What is expected: Both the line with "Este es el calendario" and the line with "该研究基于一种创新的Na2C" in the records below must appear in the output, along with every line between them, exactly and with nothing added.

Given data:
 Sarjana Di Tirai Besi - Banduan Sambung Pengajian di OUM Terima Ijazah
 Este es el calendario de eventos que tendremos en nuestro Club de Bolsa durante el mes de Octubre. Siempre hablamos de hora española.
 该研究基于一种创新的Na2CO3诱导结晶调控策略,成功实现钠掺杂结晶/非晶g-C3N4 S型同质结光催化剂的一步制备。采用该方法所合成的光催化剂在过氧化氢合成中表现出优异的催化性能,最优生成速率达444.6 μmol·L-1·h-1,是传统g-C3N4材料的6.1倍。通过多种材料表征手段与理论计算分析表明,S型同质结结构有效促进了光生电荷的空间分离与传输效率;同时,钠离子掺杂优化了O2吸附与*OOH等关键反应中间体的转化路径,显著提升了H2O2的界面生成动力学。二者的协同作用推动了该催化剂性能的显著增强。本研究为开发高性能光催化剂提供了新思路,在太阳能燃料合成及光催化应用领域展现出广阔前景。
...
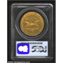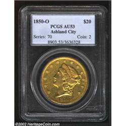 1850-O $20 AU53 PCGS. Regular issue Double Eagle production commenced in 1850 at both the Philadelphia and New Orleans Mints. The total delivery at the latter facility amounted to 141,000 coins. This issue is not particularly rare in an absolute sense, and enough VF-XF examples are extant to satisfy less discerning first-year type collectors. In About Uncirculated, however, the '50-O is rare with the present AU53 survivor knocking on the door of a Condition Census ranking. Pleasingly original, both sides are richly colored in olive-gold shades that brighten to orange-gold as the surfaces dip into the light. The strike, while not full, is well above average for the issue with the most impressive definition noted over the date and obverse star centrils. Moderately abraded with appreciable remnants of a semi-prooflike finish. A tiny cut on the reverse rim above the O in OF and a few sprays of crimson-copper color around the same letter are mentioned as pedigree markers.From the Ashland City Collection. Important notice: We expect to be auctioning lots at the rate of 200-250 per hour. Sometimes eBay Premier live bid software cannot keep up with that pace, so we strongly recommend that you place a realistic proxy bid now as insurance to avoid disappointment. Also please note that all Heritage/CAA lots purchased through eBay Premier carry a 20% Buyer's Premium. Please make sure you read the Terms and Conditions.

Reply:
 Este es el calendario de eventos que tendremos en nuestro Club de Bolsa durante el mes de Octubre. Siempre hablamos de hora española.
 该研究基于一种创新的Na2CO3诱导结晶调控策略,成功实现钠掺杂结晶/非晶g-C3N4 S型同质结光催化剂的一步制备。采用该方法所合成的光催化剂在过氧化氢合成中表现出优异的催化性能,最优生成速率达444.6 μmol·L-1·h-1,是传统g-C3N4材料的6.1倍。通过多种材料表征手段与理论计算分析表明,S型同质结结构有效促进了光生电荷的空间分离与传输效率;同时,钠离子掺杂优化了O2吸附与*OOH等关键反应中间体的转化路径,显著提升了H2O2的界面生成动力学。二者的协同作用推动了该催化剂性能的显著增强。本研究为开发高性能光催化剂提供了新思路,在太阳能燃料合成及光催化应用领域展现出广阔前景。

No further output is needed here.